司空想了想,点点头,“说的也是。”
桑大郎在桑家是有自己的院子的,做儿子的,隔三差五总要去父母面前请安,他真想勾搭莹娘子,恐怕有的是机会。随便收买几个下人,情书就能递到莹娘子手里了,根本都不用经过二门。
“这东西应该是杀手从莹娘子那里拿到的,结果掉在春娘子的房间里。”司空想不通了,“这是想表示一下他杀人的顺序吗?”
“或者想暗示一下,春娘子出事与桑家有关。”凤随两道英挺的长眉紧紧地皱了起来,“咱们先入为主的认定了这两位死者之间是互不相识的,但若是并非如此呢?”

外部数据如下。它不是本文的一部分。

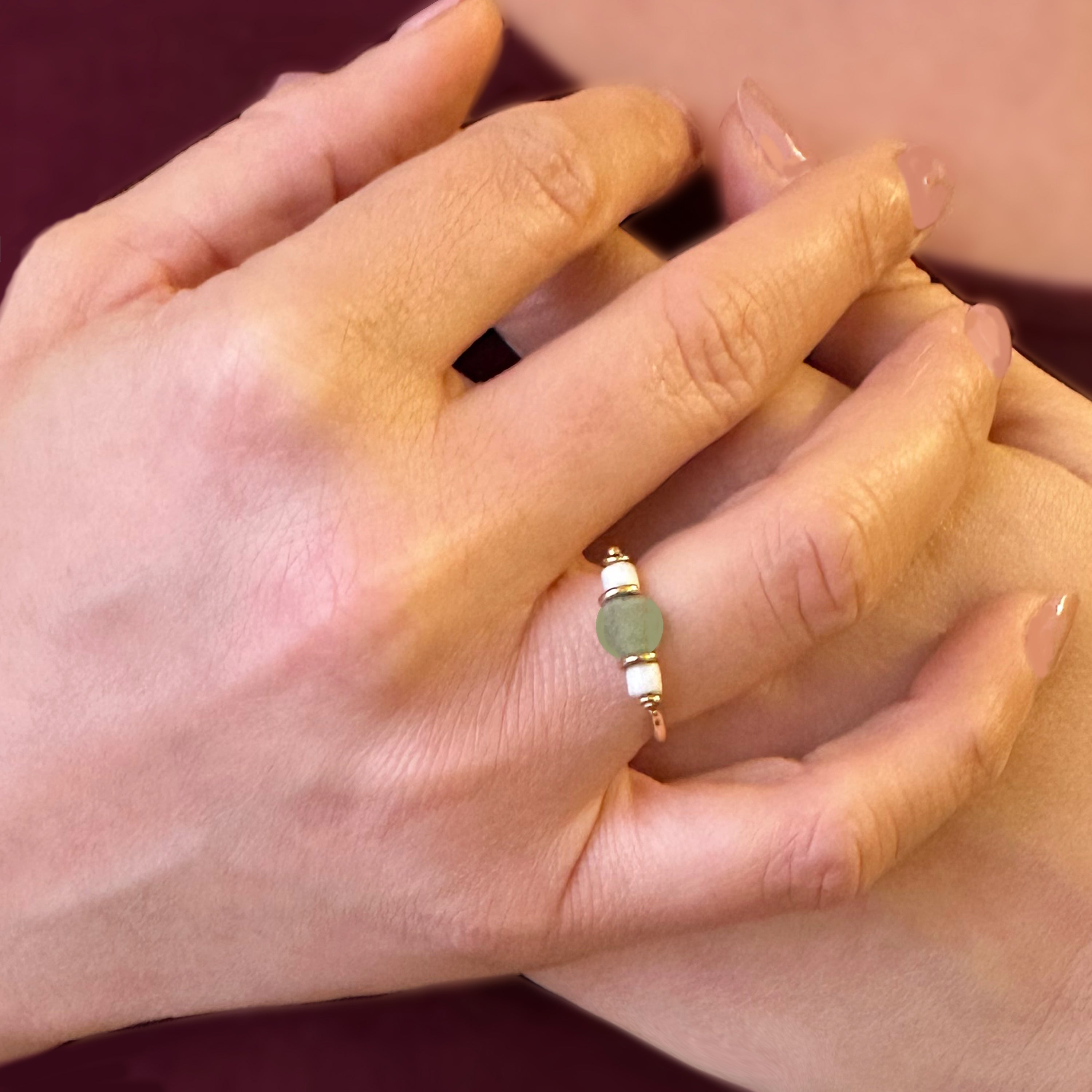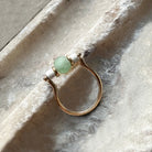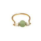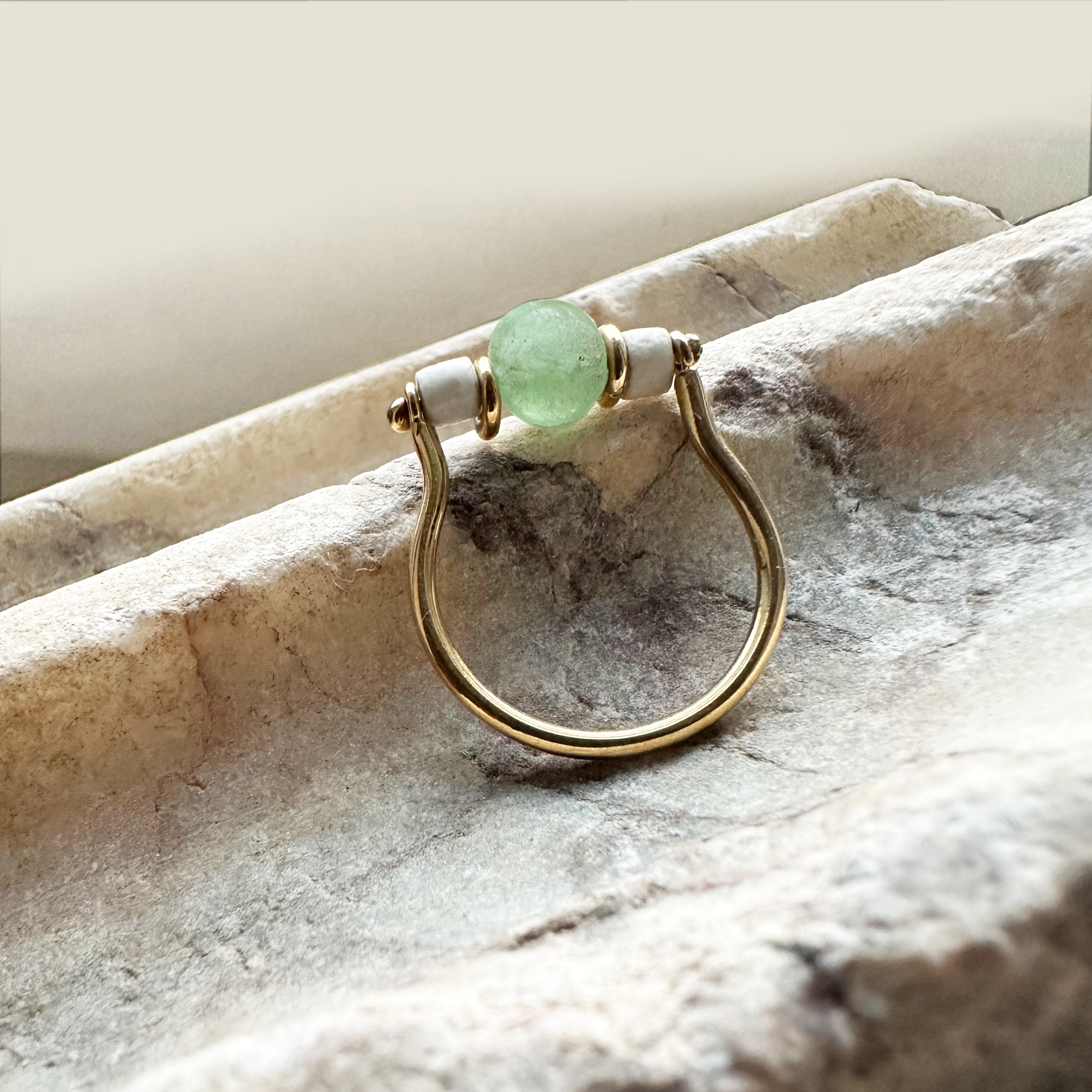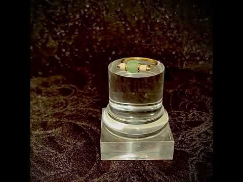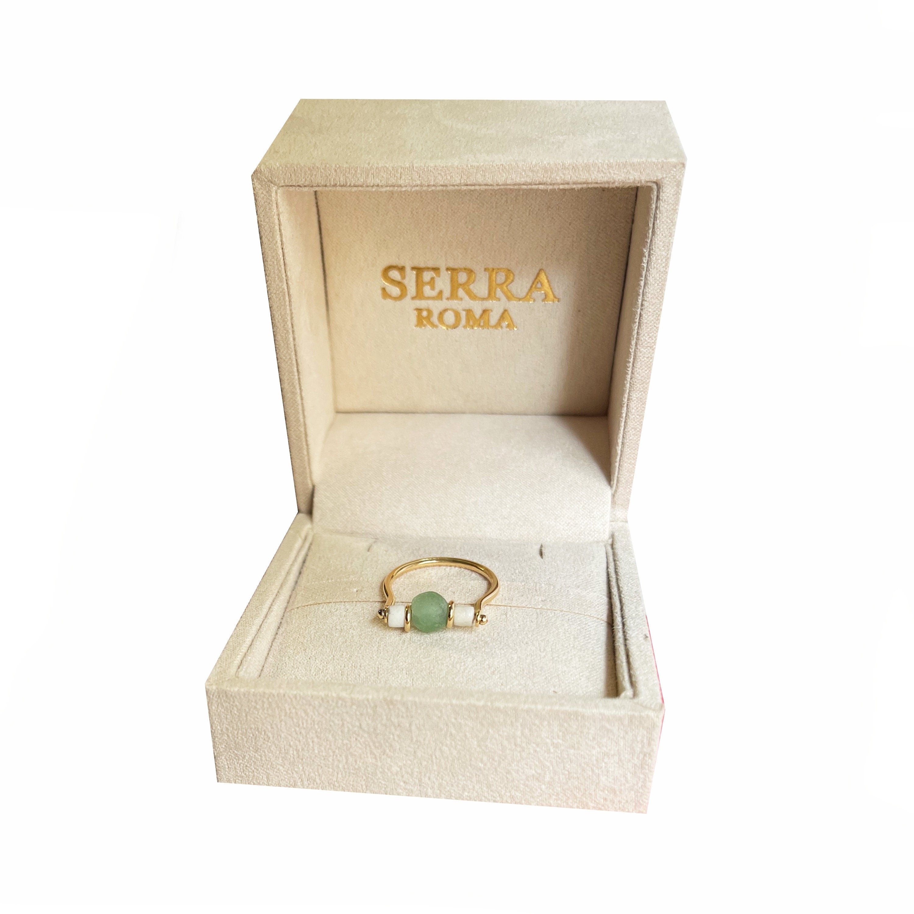 Within this 18 Kt gold ring, meticulously crafted by our skilled goldsmiths, rests a green Roman glass bead dating back to the 1st century AD. Flanking it on either side are two white faience beads also originating from that era. The lineage of Roman Glass stretches back to the early 1st century AD, employing ancient Hellenistic glassmaking methodologies initially. During this period, the primary creations in Roman Glass comprised vases and vessels designed for water transport.

司空也是精神一振,“把莹娘子的画像给我一份儿,明日我去静心庵,回来的时候,再去问问玉香楼的那位香草姑娘。”
凤随点头,“可。”
罗松和徐严坐在一边听了半天热闹,罗松主动要求,“小的也去。”
徐严也点头,他是个闲不住的性格,与其在城里到处找人打听消息,他更愿意做一些跑腿的任务。
凤随却笑着摇头,“明日还有任务交给你们呢。”
罗松精神一振,“什么任务?”
“打擂台的任务。”凤随笑着说:“如果所料不错的话,明日张鸿会跑到我这里来。”
徐严和罗松都是一脸纳闷,“他来干嘛?”
凤随望向司空,司空也有些懵,与凤随对视片刻,忽然灵机一动,想到了他在玉香楼里说过的话,“张大人既然在抓火神教的余孽,想来要从大人这里了解一下西京城里一些教徒活动的情况吧。”
还有他们之前办的那个案子,可是暴露出来不少的教徒。司空还记得他去车马行喂马的时候,一个跑腿的小伙计都能给他科普一下火神教的教义。
杀生菩萨,就是司空听他给讲的。
凤随笑着点头,“当初出了黎章氏的案子,我就联络了京畿衙门的蔡大人一起安排人手去统计火神教的教徒。这些事并不难查,但是琐碎。张鸿的手下都忙着去抓青水庵逃跑的法师,城里的这些情况,他分身无术,只好求到我这里来。”
司空想想蔡大人那个脾性,张鸿若是找上他,他八成要推到凤随身上来。
罗松冷哼,“他倒会捡便宜。”
徐严比较憨实,他直接问凤随,“给他吗?”
“给是一定要给的,”凤随笑得有些狡黠,“不过也不能给的太容易了。他手里的一些情报,也要交出来才行。”
这话说的司空也点头。张鸿也是皇城司的人,他们的情报系统,可比一个大理石少卿牛气得多了。
徐严听了半天也没听到他有什么具体任务,忍不住发了一句牢骚,“那也没我和老罗什么事儿啊。”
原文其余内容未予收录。